Date Of Execution: 21 Dec 1911
Crime Location: Rickmansworth Park
Execution Place: St Albans
Executioner: John Ellis
Charles Coleman was convicted of the murder of Rose Anna Gurney 49 and sentenced to death
He stabbed her to death in Rickmansworth Park on 15 July 1911 shortly after being released from prison.
Charles Coleman had many previous convictions for theft and in 1897 he was sentenced to 9-months hard labour for unlawful wounding after he cut a woman's throat. The woman had had to jump out of a window to escape him.
In February 1911 he was sentenced to 6-months hard labour for maiming a dog by cutting off its penis while it was fast to a bitch.
After being released from St. Albans Prison on 15 July 1911 he met Rose Gurney soon after and went to Rickmansworth with her. He had known her before and had once lodged in the same street as her.
They were later seen drinking at a pub and then later again seen by a night watchman together in the road at 10pm. The night watchman said that Charles Coleman had had his arm round Rose Gurney's neck but said that he lost sight of them at the style leading into the park.
Rose Gurney was found dead the next morning under a tree not far from the style.
She had several stab wounds in her chest, two of which could have been fatal. She also had nine stab wounds on her left buttock which were thought to have been inflicted after she died, and three stab wounds on her back higher up. She also had cuts on the backs of both of her hands.

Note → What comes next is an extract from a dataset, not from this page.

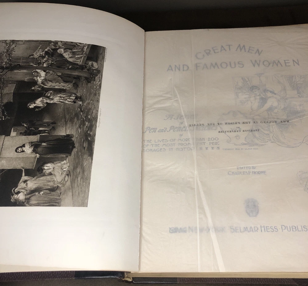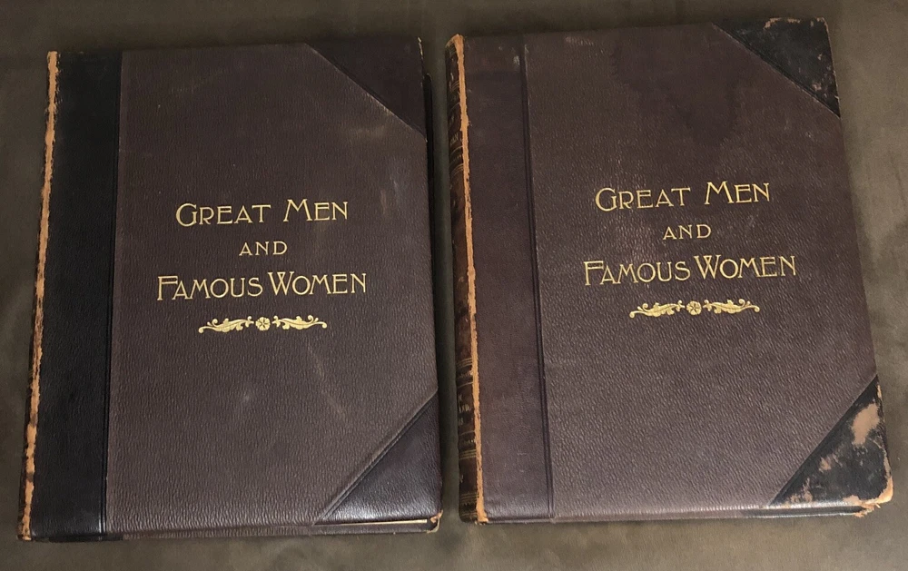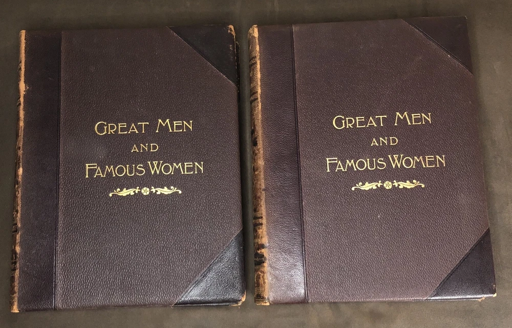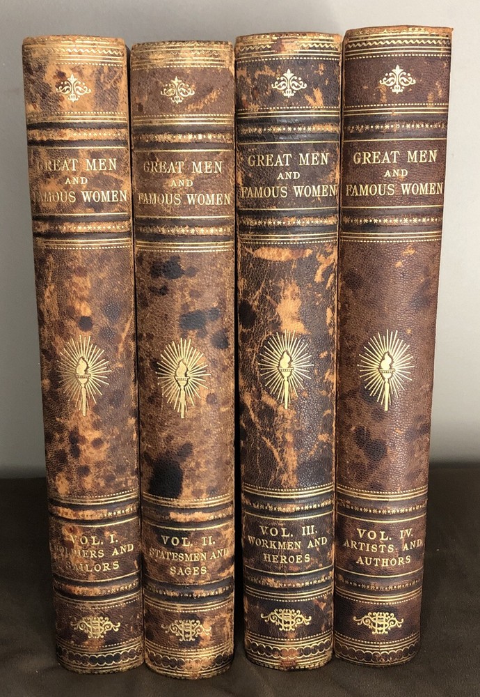 Great Men and Famous Women ~ Set of 4 ~ Leather Hardcover Books ~ Copyright 1894 Volume 1: Soldiers & Sailors Volume 2: Statesmen and Sages Volume 3: Workmen and Heroes Volume 4: Artists and Authors Preowned books ~ show lots of signs of wear, age & use (mostly on the covers), but overall still beautiful old books. See pictures. Fast shipping from a reliable seller! Pictures are included in the description, please look them over and ask any questions you may have. Colors may vary in pictures. Preowned items may have some signs of previous wear or usage.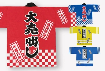 上下左右に正方形デザインを均等に配した昔ながらの馴染みあるデザインで人気の市松法被。様々なイベント用途で特注制作され活躍ができますよう豊富なカラーラインナップをご用意いたしております。

When she was found her clothes were lifted above her knees, but the doctor said that he could not say whether connection had taken place.
Parcels that Rose Gurney had bought earlier on in the day when she had been shopping were found lying beside her.
The purse that she had taken out with her was not found, but one farthing was found lying under her body.
Charles Coleman was found later that afternoon in a pub about four miles away. He had a pocket knife on him that the wounds to Rose Gurney could have been inflicted with and his clothes were covered with blood, especially his right sleeve and shoulder. It was noted that some of the stains had been washed.
When questioned, Charles Coleman admitted that he had been with Rose Gurney the night before but said that he had left her talking to two men just about where the night watchman had seen him.
He later said, 'I hope they will bloody-well hang me. I am not afraid to die'.
At his trial his defence was mainly that of insanity and a doctor that had treated him ten years earlier said that he thought him of unbalanced mind and liable to fits of depression. It was also heard from his relatives that he had had an accident about eight or nine years earlier and had not been the same since. It was also heard that after attacking the woman in 1897 Charles Coleman had tried to drown himself and had on some other occasions attempted suicide.
However, the doctor at Brixton Prison said that he had been observing Charles Coleman since 5 September 1911 and found him to be sane with no delusions. He said that he found him of a degenerate type, morose and sometimes depressed, but otherwise rational.
He was found guilty with no recommendation to mercy and his appeal was dismissed.